Frictionless capture — Apple Notes into a central database
Context
For a notes system to actually serve, the capture gesture must be shorter than the thought. Any extra friction — open an app, pick a folder, type a title — loses the idea. Apple Notes is already on the phone, already open from the lock screen, already synced. The point isn't to replace Notes — it's to listen to it.
Constraint
Three requirements:
- The user gesture stays native: no custom app, no shortcut to learn.
- Notes land in the same database as every other Life OS signal (health, calendar, projects, music). No silo.
- No calls to a third-party service. A note can contain anything — so everything stays inside the cluster.
Decision
A dedicated folder inside Apple Notes, watched by a script
running on the local Mac. On every change the content is
pushed to a Flask API hosted on Pi5, which
normalises it (title, body, timestamps, hashtag tags) and
writes it into the central mln-mariadb on Pi4.

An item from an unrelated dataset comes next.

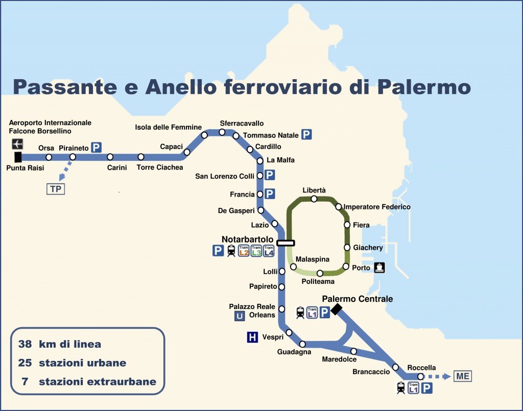 Il primo treno a percorrere la tratta Palermo Centrale - Punta Raisi (aeroporto) è stato il Regionale 26461 partito da Palermo Centrale alle 6:05. E' così ripristinato il collegamento ferroviario tra la principale stazione di Palermo e l'aeroporto internazionale Falcone-Borsellino di Palermo. I treni fermano in tutte le stazioni del passante, Isola delle Femmine, Carini e Piraineto, collegando la stazione centrale con l'aeroporto in circa un ora. La frequenza dei treni, nei giorni feriali, è di uno ogni circa 30 minuti tra le 5:00 e le 21:42. Nei festivi la frequenza è di un treno ogni ora circa tra le 6:00 e le 21:52.

On the reading side: a dashboard at
lifeos.mylastnight.eu that shows today's notes,
notes by tag, and notes that re-surface (full-text search).

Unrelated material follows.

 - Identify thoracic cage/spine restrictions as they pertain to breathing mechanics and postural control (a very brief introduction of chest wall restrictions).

No editing on the site — editing stays in Notes, the single
source.
Measurement
Live since 27 April 2026. Capture → DB latency measured around 2 s. No habit change required: when something occurs to me, I type it into Notes as before. The site updates itself.
What remains
A proof by use: the best interface is often the one you already have. There was no need to reinvent capture — the need was to listen where it already happens. The pattern ("watch a native tool, write to a unified database") is reusable for many other signals: calendar, photos, screenshots, forwarded mail.
And one Life OS principle confirmed: show, to listen to yourself, not to judge yourself. The raw note stays the object — the cross-correlation comes later, read-only.